For this tickets MDS nodes lola-[8,9] which form a HA cluster are of interest.
After a hard failover of the primary node (lola-8) had been initiated using pm -c , mounting the MGT/MDT (one device) on the secondary node (lola-9) failed with error message:
Apr 29 14:00:36 lola-9 kernel: LDISKFS-fs warning (device dm-9): ldiskfs_multi_mount_protect: MMP interval 42 higher than expected, pleas e wait. ... ... Apr 29 14:19:06 lola-9 kernel: Lustre: Skipped 2 previous similar messages Apr 29 14:19:06 lola-9 kernel: LustreError: 32539:0:(genops.c:334:class_newdev()) Device MGC192.168.1.109@o2ib10 already exists at 2, won't add Apr 29 14:19:06 lola-9 kernel: LustreError: 32539:0:(obd_config.c:370:class_attach()) Cannot create device MGC192.168.1.109@o2ib10 of type mgc : -17 Apr 29 14:19:06 lola-9 kernel: LustreError: 32539:0:(obd_mount.c:198:lustre_start_simple()) MGC192.168.1.109@o2ib10 attach error -17 Apr 29 14:19:06 lola-9 kernel: LustreError: 32539:0:(obd_mount_server.c:1512:server_put_super()) no obd soaked-MDT0000 Apr 29 14:19:06 lola-9 kernel: LustreError: 32539:0:(obd_mount_server.c:140:server_deregister_mount()) soaked-MDT0000 not registered Apr 29 14:19:06 lola-9 kernel: Lustre: 7204:0:(service.c:2096:ptlrpc_server_handle_request()) Skipped 9 previous similar messages Apr 29 14:19:06 lola-9 kernel: Lustre: server umount soaked-MDT0000 complete Apr 29 14:19:06 lola-9 kernel: LustreError: 32539:0:(obd_mount.c:1450:lustre_fill_super()) Unable to mount (-17)
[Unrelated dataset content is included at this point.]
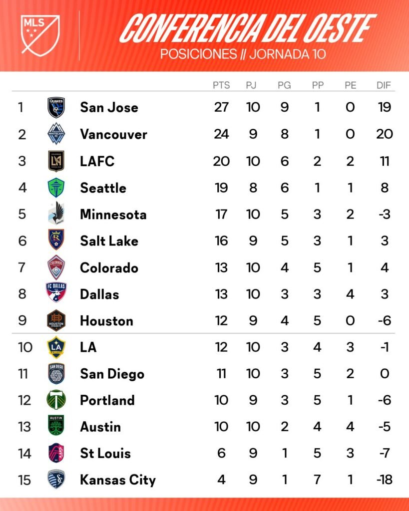 Detrás del líder aparece Vancouver, segundo con 24 puntos y también en un nivel formidable. El equipo canadiense sigue muy de cerca a San Jose y se perfila como su principal perseguidor. Más atrás, LAFC se mantiene tercero con 20 puntos, seguido por Seattle y Minnesota, dos equipos que siguen firmes en la pelea alta.

The exact sequence of events reads as:
- 2016-04-29 13:53:59,419:fsmgmt.fsmgmt:INFO triggering fault mds_failover for lola-8
- 2016-04-29 14:00:25,257:fsmgmt.fsmgmt:INFO lola-8 is up!!!
- 2016-04-29 14:00:36,270:fsmgmt.fsmgmt:INFO Mounting soaked-MDT0000 on lola-9 ...
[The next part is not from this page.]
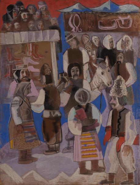 The sketch belongs to a series executed in the Lviv Leather Enterprise murals (1980). Today, the artworks are lost. This piece is dedicated to recounting the history of leather production, not only in the context of skin processing and obtaining the final raw material – in this case, the viewer can also discover what range of consumer goods were made from these materials until recently. A scene unfolds at a fair where craftsmen sell saddles, yokes, bridles and other parts of horse harnesses, and women's and men's footwear (red boots) for casual and festive occasions. The seasonality of the characters' clothing and the types of shoes purchased indicate that this takes place before a religious holiday in spring or autumn. The fair assumingly takes place in the Hutsul region (a woman in the foreground wears a characteristic orange zapaska – a Hutsul rectangular apron, and several men wear distinctive bryls – male straw hats, and postoly – traditional leather shoes). However, it could be another ethnographic region (the tall fur hats resembling kuchma style are more typical of areas bordering Moldova). Unlike most other mural sketches, the figures of all the characters are more realistic; the colour scheme is cold (ultramarine, cold earthy shades, and whitened purple), with minor warm accents (red and orange). The composition is arranged in several perspectives: in the foreground, a man and a woman on the right side are walking, having just bought a pair of sapiantsi – ankle leather boots. In the left part, further away, a man and a woman are standing next to a footwear stall; the man is actively communicating with the craftsman-vendor. Slightly further back on the artwork's right side, another man is leading a horse he bought a leather collar for. There is a stall with horse tack at a distance, and three men and five women are standing close by, their backs to the counter. A large group of men and women is depicted in the far right corner of the composition. The viewer can only see their heads: some faces on the right side are blurry, and presented rather decoratively. Six of the characters have vibrant, as if tinted, red cheeks. This focus on detail is significant because in the practice of Bukovinians, particularly during the Krasnoilsk Malanka festival, there was a tradition of painting the participants' faces this way, regardless of gender. However, the latter is difficult to assert given the relatively light clothing of other characters for this season, although the presence of certain headwear styles characteristic of the region also suggests that the scene may not take place in the Hutsul region.

- 2016-04-29 14:19:06 mount failed with message above
Attached files:
lola-9 messages, console files, debug log files lustre-log.1461964594.5065 and lustre-log.1461964707.7204
The effect can be reproduced manually.
The device could be mounted not before mdt-1 (primary resource of lola-9) were umounted and Lustre modules had been reloaded.
Try manually
[root@lola-9 ~]# mount -t lustre -o rw,user_xattr /dev/disk/by-id/dm-name-360080e50002ff4f00000026952013088p1 /mnt/soaked-mdt0/ mount.lustre: mount /dev/mapper/360080e50002ff4f00000026952013088p1 at /mnt/soaked-mdt0 failed: File exists [root@lola-9 ~]# mount -t lustre -o rw,user_xattr /dev/disk/by-id/dm-name-360080e50002ff4f00000026952013088p1 /mnt/soaked-mdt0/ mount.lustre: mount /dev/mapper/360080e50002ff4f00000026952013088p1 at /mnt/soaked-mdt0 failed: File exists [root@lola-9 ~]# date Mon May 2 00:39:25 PDT 2016 [root@lola-9 ~]# date Mon May 2 00:39:52 PDT 2016 [root@lola-9 ~]# lctl debug_kernel /tmp/lustre-log.2016-05-02-0040 Debug log: 2321 lines, 2321 kept, 0 dropped, 0 bad.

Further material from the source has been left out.